**DATA EXCERPT:**
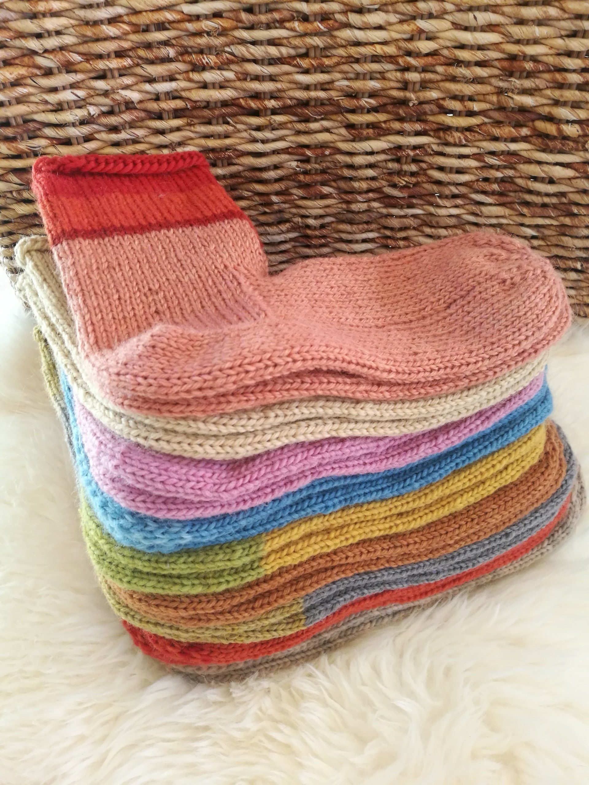 Les Romains portaient-ils des chaussettes ? Oui ! Pour preuve cette pièce de fouille trouvée en Egypte, conservée par le sable du désert. Ces chaussettes coptes ressemblent à des chaussettes japonaises avec cette séparation au milieu des orteils, car les Romains installés dans cette région de l'Empire portaient des espèces de tongues en cuir pour marcher dans le sable. Elles sont réalisées en tricot mais avec une seule aiguille (méthode appelée naalbinding car reprise ensuite par les peuples scandinaves). J'ai réalisé une paire de chaussettes visuellement ressemblantes avec la technique moderne de tricot avec 5 aiguilles double pointes, car cela va beaucoup plus vite ! Et sans la séparation des orteils... A retrouver dans ma boutique !
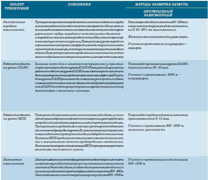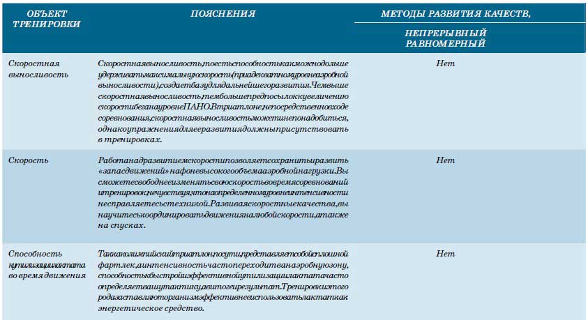 В дополнение к таблице хотелось бы отметить, что все составляющие тренинга функциональных качеств перекликаются. Организм — не машина c механической коробкой передач, все процессы в нем плавно взаимодействуют и перетекают из одного в другой. Поэтому тренируя, например, лактатную выносливость, вы во многом будете тренировать и свою способность работать на максимальном потреблении кислорода, а также, возможно, и скоростную выносливость. Тренировка — всегда многоуровневый и многофакторный процесс.
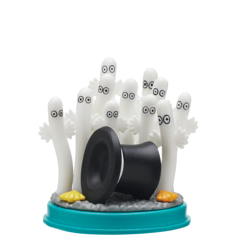 ムーミンー家の大切な友だち「トゥーティッキ」を原作に忠実にカラフルに動きのあるポーズで制作。立体化の機会が小ない「サロメちゃん」はムーミンファンには嬉しいサプライズ。ムーミンファンにはおなじみの「モラン」は、ランプの光に照らされる印象的なシーンを大きなサイズで立体化しました。大入気キャラクター「ニョロニョロ」はムーミンパパの帽子を集団で用むシーンを再現。このサイズながら「11体を個別にパーツ分け」するなど、定番キャラクターにも新しい試みを行っています。

**EXERCISE AIM:**
The answer should match the material exactly, with every picture removed.

**RESULT OF THIS EXERCISE:**
 Les Romains portaient-ils des chaussettes ? Oui ! Pour preuve cette pièce de fouille trouvée en Egypte, conservée par le sable du désert. Ces chaussettes coptes ressemblent à des chaussettes japonaises avec cette séparation au milieu des orteils, car les Romains installés dans cette région de l'Empire portaient des espèces de tongues en cuir pour marcher dans le sable. Elles sont réalisées en tricot mais avec une seule aiguille (méthode appelée naalbinding car reprise ensuite par les peuples scandinaves). J'ai réalisé une paire de chaussettes visuellement ressemblantes avec la technique moderne de tricot avec 5 aiguilles double pointes, car cela va beaucoup plus vite ! Et sans la séparation des orteils... A retrouver dans ma boutique !
 В дополнение к таблице хотелось бы отметить, что все составляющие тренинга функциональных качеств перекликаются. Организм — не машина c механической коробкой передач, все процессы в нем плавно взаимодействуют и перетекают из одного в другой. Поэтому тренируя, например, лактатную выносливость, вы во многом будете тренировать и свою способность работать на максимальном потреблении кислорода, а также, возможно, и скоростную выносливость. Тренировка — всегда многоуровневый и многофакторный процесс.
 ムーミンー家の大切な友だち「トゥーティッキ」を原作に忠実にカラフルに動きのあるポーズで制作。立体化の機会が小ない「サロメちゃん」はムーミンファンには嬉しいサプライズ。ムーミンファンにはおなじみの「モラン」は、ランプの光に照らされる印象的なシーンを大きなサイズで立体化しました。大入気キャラクター「ニョロニョロ」はムーミンパパの帽子を集団で用むシーンを再現。このサイズながら「11体を個別にパーツ分け」するなど、定番キャラクターにも新しい試みを行っています。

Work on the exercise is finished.